Friday, April 10, 2015

Read-alikes* for movie lovers

*That's librarian-ese for recommending books one might also like based upon their favorites. For another fine piece of reader's advisory I recommend this article from Bustle: "14 Books from Wes Anderson movies we wish were real", complete with real life read-alikes! I too wish I could read all the fake books from Wes Anderson movies.

Since I wrote recently about books I wished were movies, I thought I would take this week to mention movies I wish I could read as books. Have you ever experienced that? The feeling that a movie was so amazing that surely it must be a really great book, too? And then searching for the book only to discover that it was not inspired by one at all?
(You know, sometimes it's hard to come up with good blog themes week after week. Coming soon: "Novels about Ikea I read in the past year". There were several.)
Here's a list of books to keep you busy reading while you wait for the movie to start:

Speaking of Wes Anderson...

Fans of Wes Anderson's films will find a lot to love in Bellweather Rhapsody, a darkly funny charmer about a haunted old hotel, a music competition, thwarted promise, ambition, and young love. This is the kind of book you'll want to create a mix-tape soundtrack for. I think there might even be a role for Bill Murray in this murky, quirky tale of teenage musicians.
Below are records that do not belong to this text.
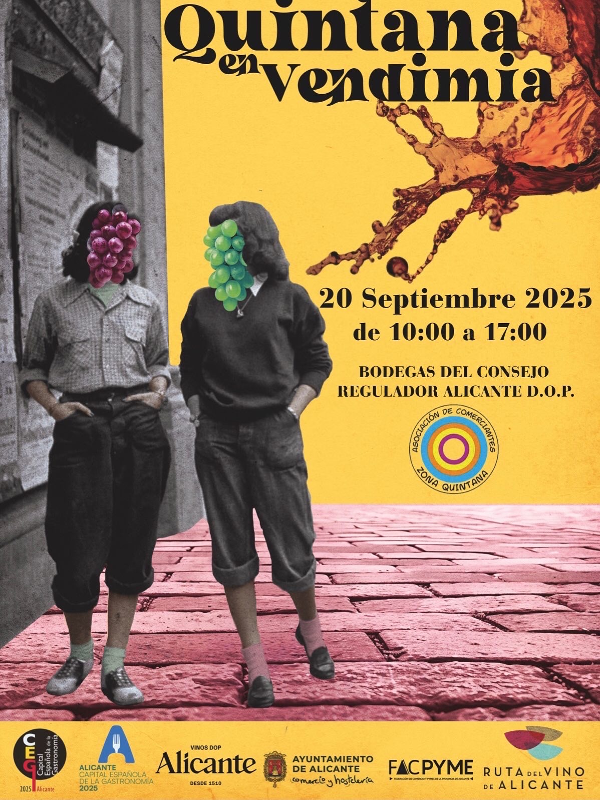 Alicante, 19 de septiembre de 2025. Alicante invita este sábado 20 de septiembre a participar en la segunda edición de ‘Quintana en Vendimia’, una jornada de dinamización comercial organizada en la calle Poeta Quintana, que tendrá lugar de 10 a 17 horas, y llenará la zona de catas de vino, gastronomía y actividades para todos. En la cita se podrán degustar los mejores vinos Denominación de Origen Protegida de treinta bodegas de Alicante, el doble de la primera edición, para darlos a conocer y disfrutar de un evento con música en directo, talleres para los más pequeños y los establecimientos comerciales también sacarán sus productos con ofertas a la calle y se ofrecerán degustaciones de alimentos de Alicante.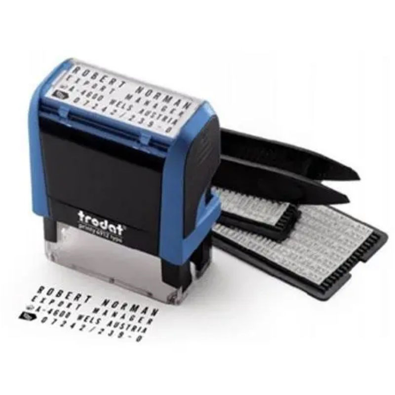 Δημιουργήστε το δικό σας κείμενο χρησιμοποιώντας αυτή τη Trodat 4911. Σφραγίδα με 3 γραμμές 38 x 14 mm Αυτά τα πακέτα περιλαμβάνουν τα γραμματόσημα κεφαλαία γράμματα, αριθμούς και σύμβολα, ώστε να μπορείτε να κάνετε ένα ατελείωτο ποσό των μηνυμάτων που είναι μοναδική για εσάς. Το κιτ περιλαμβάνει επίσης τσιμπιδάκια για εύκολο χειρισμό των χαρακτήρων.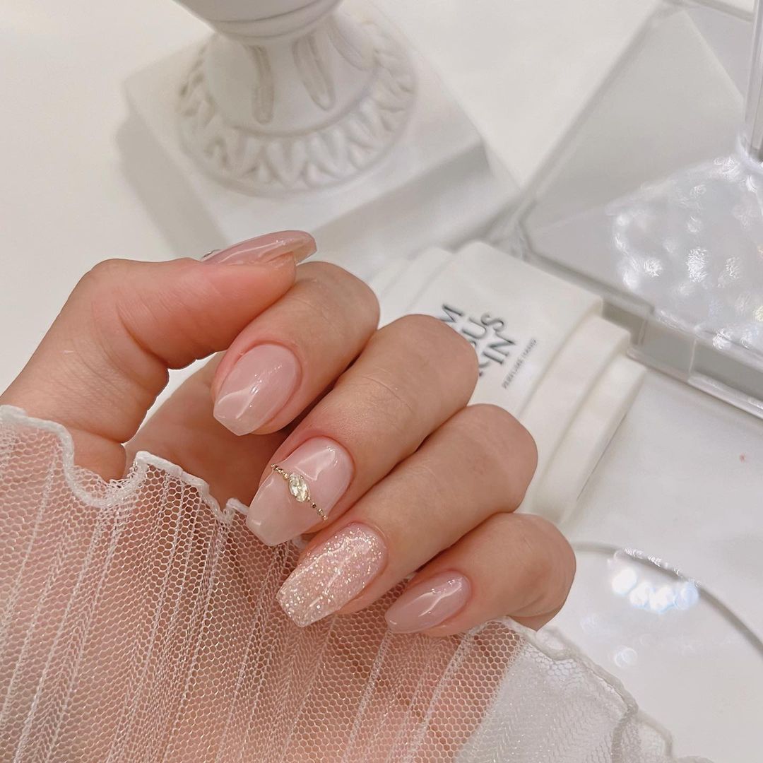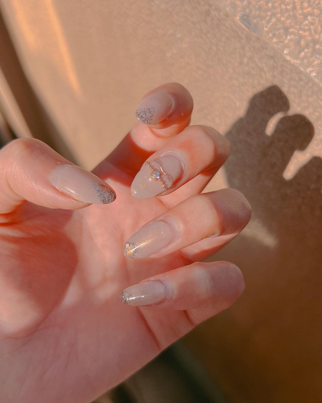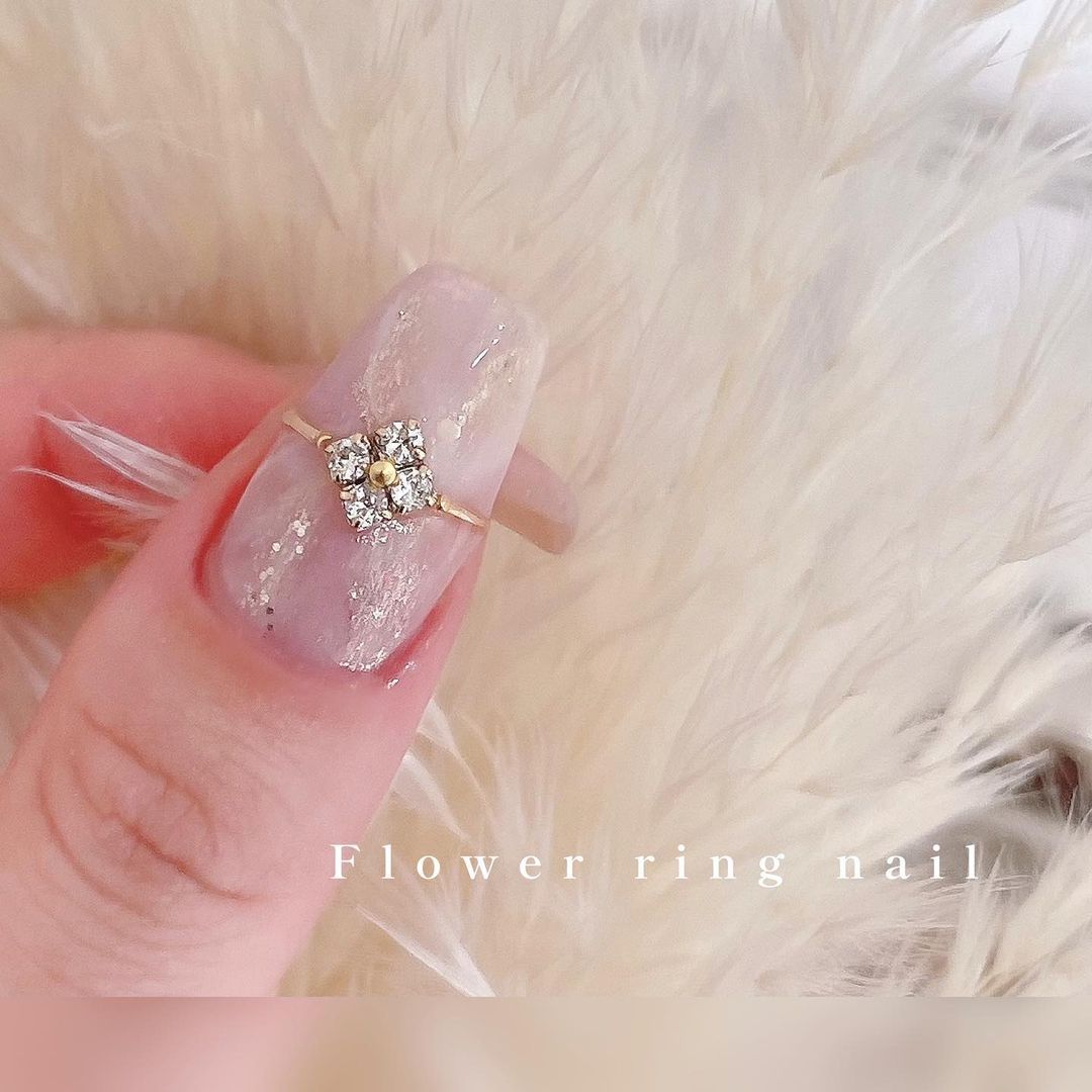 戒指款式中點名率最高的絕對是鑽戒款式,大多以淺粉/清透色作底色,配上修長甲形,就像把神聖高貴的鑽石戒指鑲在指尖上,有種莫名的高級感,令人忍不住一直看住指尖。

If the hilarious adventures of neurotic, hapless romantic male protagonists like those in Woody Allen's films appeal to you, you are sure to love the books of Jonathan Ames. Both writers understand well that there is humor to be found in pain.
How about The Babadook! This limited release Australian import about a boy and his mother getting wrapped up in a demented picture book was totally terrifying. As a lifelong devotee to the genre I can say that truly good, really scary horror films are rare. But when they do get to you with more than cheap startles and shaky cameras, or senseless splatter, when they really manage to get under your skin and follow you home, make you turn on every light in the house and look under the beds? That's what keeps horror fans coming back. A Good and Happy Child by Justin Evans is a super creepy psychological thriller about a new father afraid to hold his newborn son that hits a lot of the same haunting notes as The Babadook. A Turn of the Screw by Henry James will also get your creepy kid thrill on, if in a more proper late-Victorian English nanny story gone horribly awry kind of way. Highly recommended for folks who get that sometimes kids can be creepy.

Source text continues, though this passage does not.